Decision trees are simple to understand. Yet they are the basic element of many powerful Machine Learning algorithms such as Random Forest. This serie of blogs will introduce the concept of decision tree and also provide basic scala code for those who want to better understand as well as do some experiments.

Binary decision trees

A binary decision tree is a model that predicts a result by checking multiple assertions. For example, this is a very simple binary decision tree taking as input a real value \(x\):

                      true  
                       -----: 1
       true           |
        ------------ x>5?              
       |              |                        Example (1)
x --- x>0?             -----: 0  
       |              false
        -----: -1        
       false  

The prediction of such a decision tree is: \[ \begin{equation} p(x) = \left\{ \begin{aligned} -1 & \text{ if } x \le 0 \\ 0 & \text{ if } 0 < x \le 5 \\ 1 & \text{ if } x > 5 \end{aligned} \right. \end{equation} \]

A binary decision tree is made of leaves and nodes. The leaves provide the predicted values. The nodes allow branching. Each node needs to keep the following information: a test function, and to which node or leaf to go next depending on the result of the test.

The simplest non-empty decision tree is made of one leaf. It always provides the same result whatever the input is.

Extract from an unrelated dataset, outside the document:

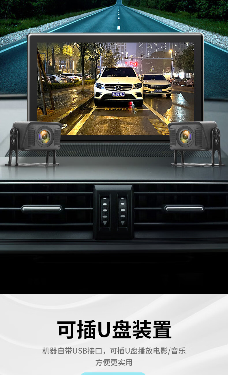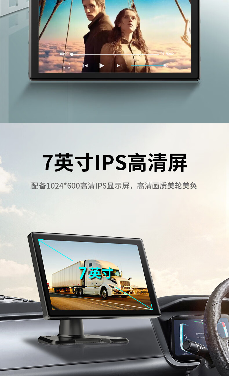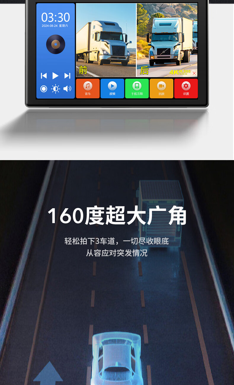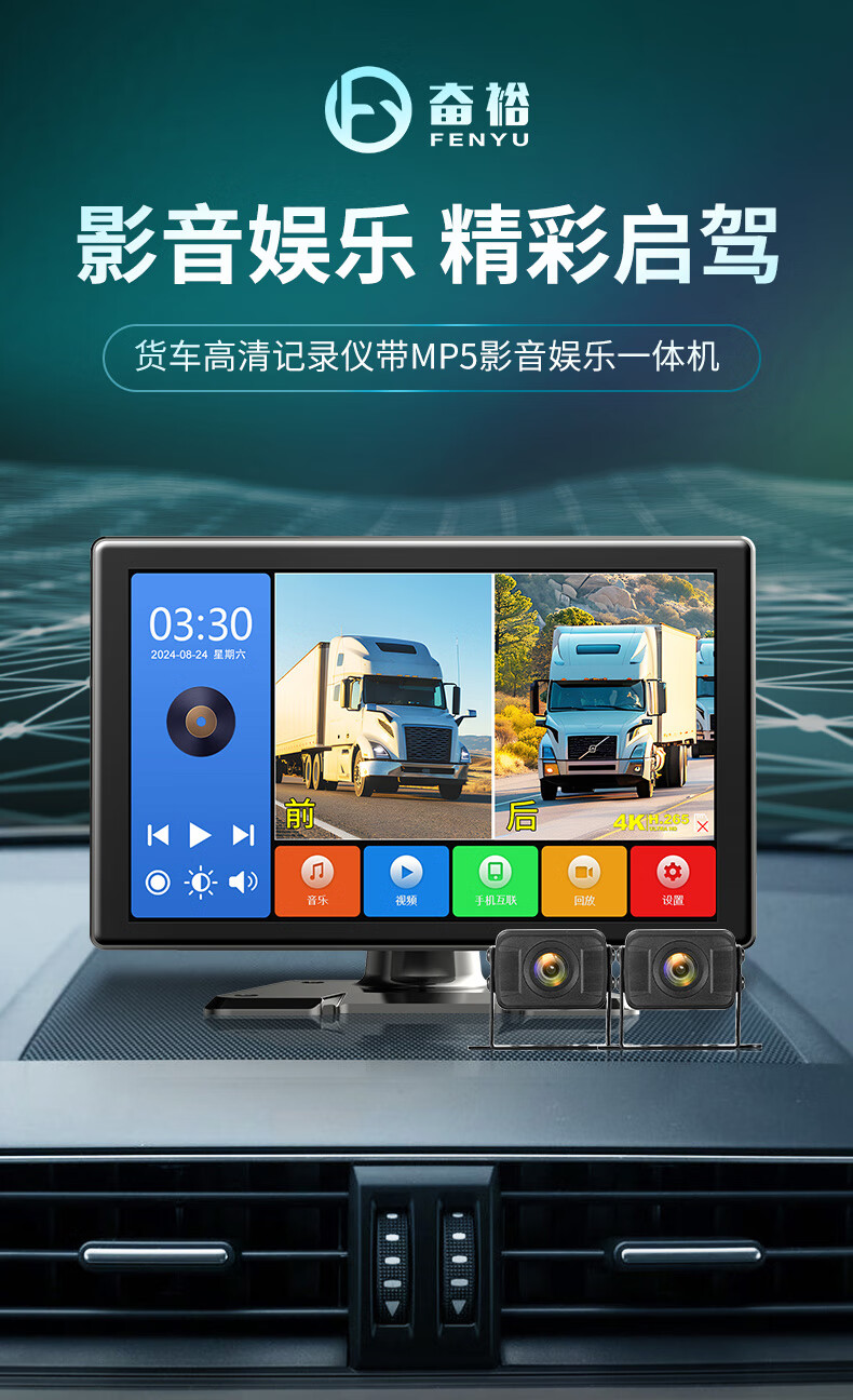 Fenyu truck two-way monitoring HD night vision driving recorder dual lens reversing image parking 12V24V all-in-one machine Package 2 7-inch dual lens + touch control + entertainment all in one (64G card)

Example (1) has three leaves with associated values -1, 0 and 1, and two nodes that test if x is positive or greater than 5:

                                ----[leaf3: 1]
                               |
                             true  
                               |
              -----------[node2: x>5?]
             |                 |
           true              false
             |                 |
x -----[node1: x>0?]            ----[leaf2: 0] 
             |                     
           false                    
             |
              ----[leaf1: -1]
/** The building blocks of a binary decision tree being leaves and nodes, 
  * we create two Scala classes Leaf and Node that extend a trait DecisionTree.
  */
trait DecisionTree[-A, +B] {
  def predict(sample: A): B
}

/** A leaf is a simple element that provides a prediction value (or decision). */
case class Leaf[A, B](decision: B) extends DecisionTree[A, B] {
  def predict(sample: A): B = decision
}

/** A node stores a test function as well as to which node or leaf to go next depending on
  * the result of the test.
  * We define as:
  *   - *right* the leaf or node to go to when the test is true,
  *   - *left* the leaf or node to go to when the test is false.
  */
case class Node[A, B](test: A => Boolean, left: DecisionTree[A, B], right: DecisionTree[A, B])
  extends DecisionTree[A, B] {

  def predict(sample: A): B = test(sample) match {
    case true => right.predict(sample)
    case false => left.predict(sample)
  }
}
defined trait DecisionTree
defined class Leaf
defined class Node

We now build the decision tree of Example (1), evaluate it at three different points and check that the result is the expected one. We keep the previous numbering of nodes and leaves:

val leaf3: Leaf[Double, Int] = Leaf(1)
val leaf2: Leaf[Double, Int] = Leaf(0)
val test2: Double => Boolean = _ > 5
val node2: Node[Double, Int] = Node(test2, leaf2, leaf3)
val leaf1: Leaf[Double, Int] = Leaf(-1)
val test1: Double => Boolean = _ > 0
val node1: Node[Double, Int] = Node(test1, leaf1, node2)
val tree: DecisionTree[Double, Int] = node1
// Let's test a few values:
(tree.predict(-2), tree.predict(0.5), tree.predict(9)) == (-1, 0, 1)
true

We previously detailed every step of the construction of the decision tree, but it could have been simply written as:

val tree: DecisionTree[Double, Int] = Node(_ > 0, Leaf(-1), Node(_ > 5, Leaf(0), Leaf(1)))
// Let's test a few values:
(tree.predict(-2), tree.predict(0.5), tree.predict(9)) == (-1, 0, 1)
true

We saw in this part how to build a simple binary decision tree in Scala. In Part 2, we will see how to create a simple class to handle the samples and labels of a data set.